▸ Material to process
☆ ☆ ☆ ☆ ☆ ☆ ☆
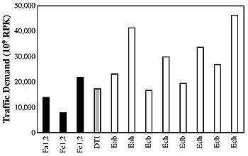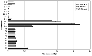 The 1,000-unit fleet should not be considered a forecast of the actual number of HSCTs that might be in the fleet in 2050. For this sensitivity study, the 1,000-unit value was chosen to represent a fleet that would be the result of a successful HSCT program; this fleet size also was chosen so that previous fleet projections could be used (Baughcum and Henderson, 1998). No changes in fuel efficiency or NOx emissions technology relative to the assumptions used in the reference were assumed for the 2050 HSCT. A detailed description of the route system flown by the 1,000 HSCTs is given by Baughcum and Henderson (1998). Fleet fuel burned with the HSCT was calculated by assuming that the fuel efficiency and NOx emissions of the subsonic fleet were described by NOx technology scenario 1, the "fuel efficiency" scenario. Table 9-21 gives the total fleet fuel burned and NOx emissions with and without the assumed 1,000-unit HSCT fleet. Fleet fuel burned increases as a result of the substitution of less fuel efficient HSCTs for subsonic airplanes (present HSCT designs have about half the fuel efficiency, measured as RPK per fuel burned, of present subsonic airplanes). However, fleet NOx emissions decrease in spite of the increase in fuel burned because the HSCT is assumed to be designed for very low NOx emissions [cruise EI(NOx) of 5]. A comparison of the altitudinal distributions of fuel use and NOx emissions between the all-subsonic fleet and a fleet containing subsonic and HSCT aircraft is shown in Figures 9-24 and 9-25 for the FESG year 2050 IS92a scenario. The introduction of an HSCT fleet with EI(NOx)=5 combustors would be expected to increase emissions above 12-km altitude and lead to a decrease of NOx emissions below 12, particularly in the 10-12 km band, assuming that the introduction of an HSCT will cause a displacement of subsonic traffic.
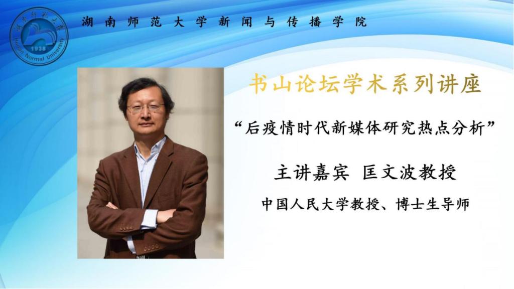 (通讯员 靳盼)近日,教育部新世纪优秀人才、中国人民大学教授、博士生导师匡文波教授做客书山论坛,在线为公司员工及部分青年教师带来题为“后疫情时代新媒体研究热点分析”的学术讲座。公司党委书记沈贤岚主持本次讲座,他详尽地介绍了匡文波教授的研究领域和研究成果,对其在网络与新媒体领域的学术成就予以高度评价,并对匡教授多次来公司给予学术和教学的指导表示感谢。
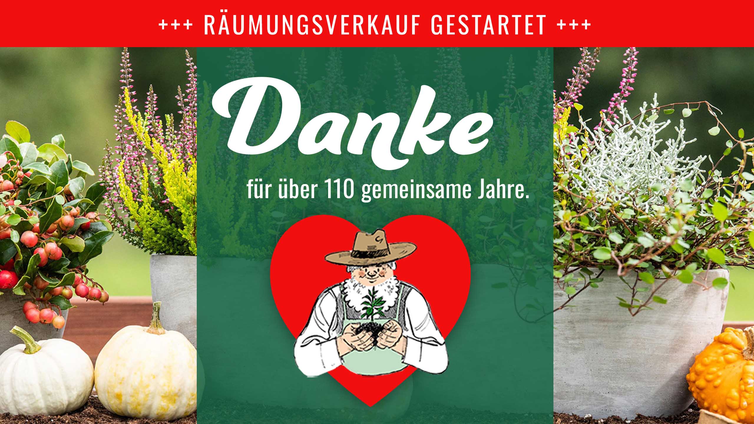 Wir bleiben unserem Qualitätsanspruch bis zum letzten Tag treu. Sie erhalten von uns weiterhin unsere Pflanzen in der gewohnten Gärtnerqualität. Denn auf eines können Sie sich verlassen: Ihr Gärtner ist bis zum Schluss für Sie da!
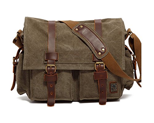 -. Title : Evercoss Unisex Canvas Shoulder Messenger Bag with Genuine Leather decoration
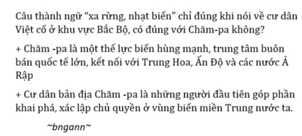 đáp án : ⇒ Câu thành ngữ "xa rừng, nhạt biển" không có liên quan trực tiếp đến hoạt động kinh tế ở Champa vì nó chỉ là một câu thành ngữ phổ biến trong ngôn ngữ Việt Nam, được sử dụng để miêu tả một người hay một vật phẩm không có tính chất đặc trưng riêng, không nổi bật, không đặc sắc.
☆ ☆ ☆ ☆ ☆ ☆ ☆
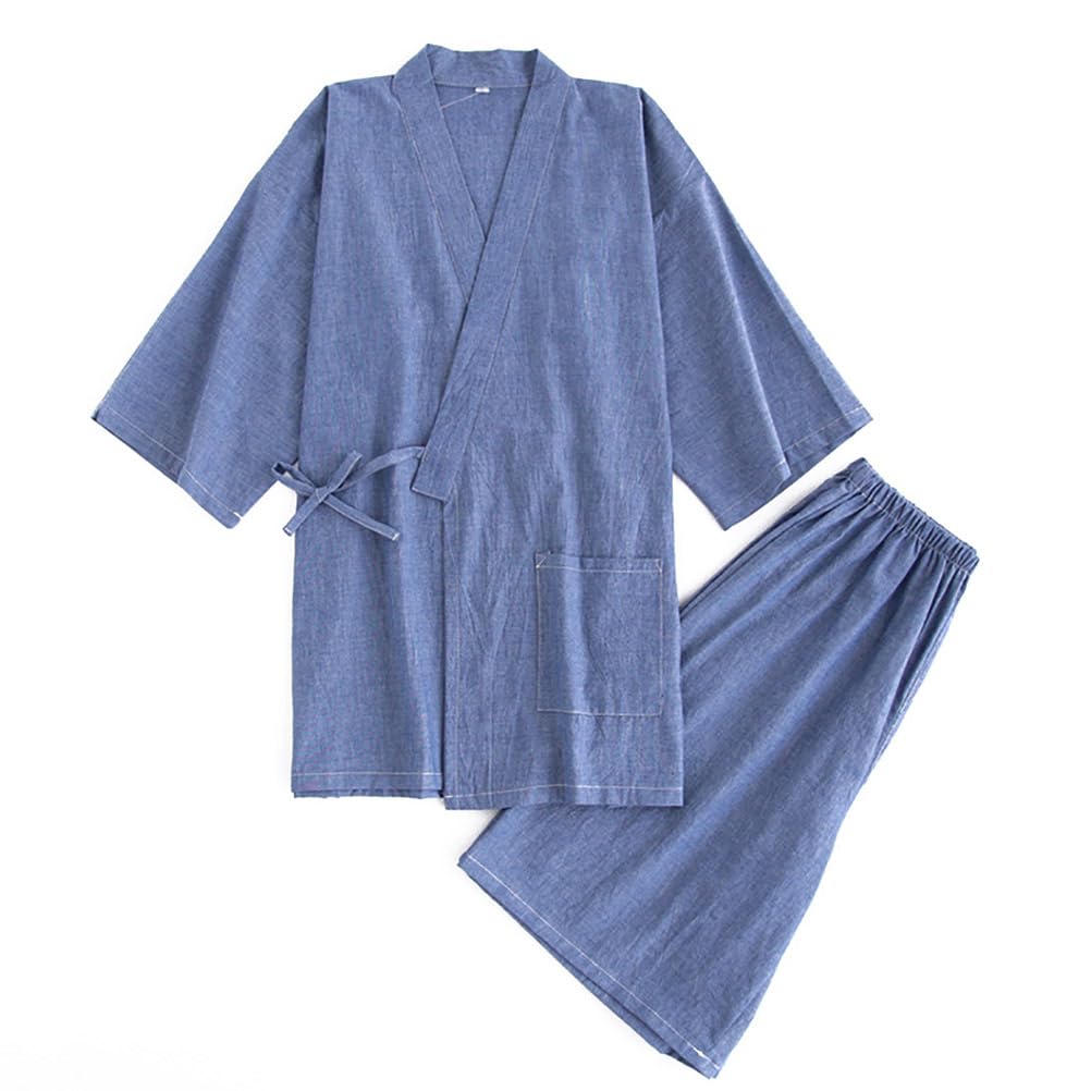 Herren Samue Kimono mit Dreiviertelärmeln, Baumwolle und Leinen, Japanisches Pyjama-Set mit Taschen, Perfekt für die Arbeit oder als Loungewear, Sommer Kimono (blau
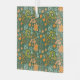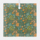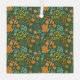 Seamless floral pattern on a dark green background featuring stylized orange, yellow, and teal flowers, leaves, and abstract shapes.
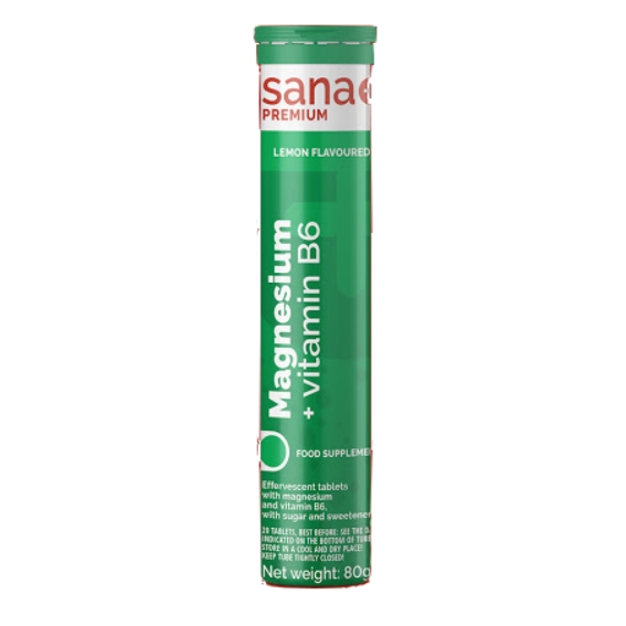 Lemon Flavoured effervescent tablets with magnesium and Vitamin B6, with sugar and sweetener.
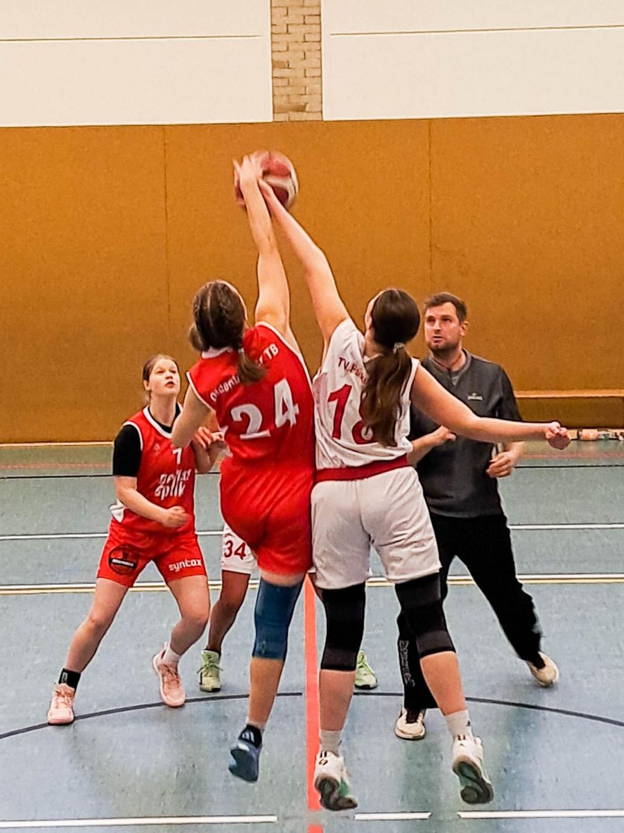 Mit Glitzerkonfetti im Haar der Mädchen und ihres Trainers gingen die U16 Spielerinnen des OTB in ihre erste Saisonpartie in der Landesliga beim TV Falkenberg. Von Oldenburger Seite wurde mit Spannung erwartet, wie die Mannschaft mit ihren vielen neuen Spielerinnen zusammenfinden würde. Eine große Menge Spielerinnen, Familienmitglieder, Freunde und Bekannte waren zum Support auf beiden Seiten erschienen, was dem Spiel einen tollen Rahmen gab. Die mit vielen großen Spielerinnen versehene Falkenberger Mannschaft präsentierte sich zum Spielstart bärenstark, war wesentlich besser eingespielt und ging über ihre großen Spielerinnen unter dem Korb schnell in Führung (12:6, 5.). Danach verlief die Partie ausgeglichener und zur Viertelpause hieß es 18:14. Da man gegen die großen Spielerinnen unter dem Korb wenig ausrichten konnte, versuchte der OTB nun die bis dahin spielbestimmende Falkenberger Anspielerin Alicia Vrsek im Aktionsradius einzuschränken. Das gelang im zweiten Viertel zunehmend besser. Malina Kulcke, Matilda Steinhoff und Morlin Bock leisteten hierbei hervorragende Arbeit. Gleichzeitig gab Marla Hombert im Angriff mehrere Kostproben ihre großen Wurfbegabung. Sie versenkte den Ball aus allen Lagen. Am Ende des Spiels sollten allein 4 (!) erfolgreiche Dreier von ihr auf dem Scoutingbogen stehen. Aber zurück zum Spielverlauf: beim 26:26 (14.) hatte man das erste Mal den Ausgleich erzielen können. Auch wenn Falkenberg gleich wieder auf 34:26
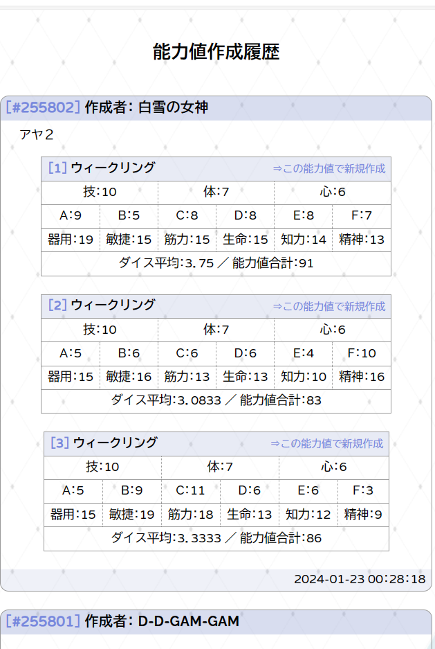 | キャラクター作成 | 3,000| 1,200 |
☆ ☆ ☆ ☆ ☆ ☆ ☆
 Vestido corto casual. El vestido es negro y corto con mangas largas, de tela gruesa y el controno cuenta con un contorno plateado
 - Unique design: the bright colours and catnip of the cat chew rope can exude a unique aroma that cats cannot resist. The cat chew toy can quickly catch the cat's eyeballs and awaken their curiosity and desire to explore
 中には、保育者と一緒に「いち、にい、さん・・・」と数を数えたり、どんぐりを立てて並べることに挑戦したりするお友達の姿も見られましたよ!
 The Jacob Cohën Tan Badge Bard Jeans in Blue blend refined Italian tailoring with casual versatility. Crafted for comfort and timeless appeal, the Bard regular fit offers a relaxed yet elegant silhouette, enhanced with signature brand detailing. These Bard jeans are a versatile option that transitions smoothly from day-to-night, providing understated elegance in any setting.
☆ ☆ ☆ ☆ ☆ ☆ ☆
Copy every single line of the material above that holds "casual".

▸ Solved problem
 Vestido corto casual. El vestido es negro y corto con mangas largas, de tela gruesa y el controno cuenta con un contorno plateado
 The Jacob Cohën Tan Badge Bard Jeans in Blue blend refined Italian tailoring with casual versatility. Crafted for comfort and timeless appeal, the Bard regular fit offers a relaxed yet elegant silhouette, enhanced with signature brand detailing. These Bard jeans are a versatile option that transitions smoothly from day-to-night, providing understated elegance in any setting.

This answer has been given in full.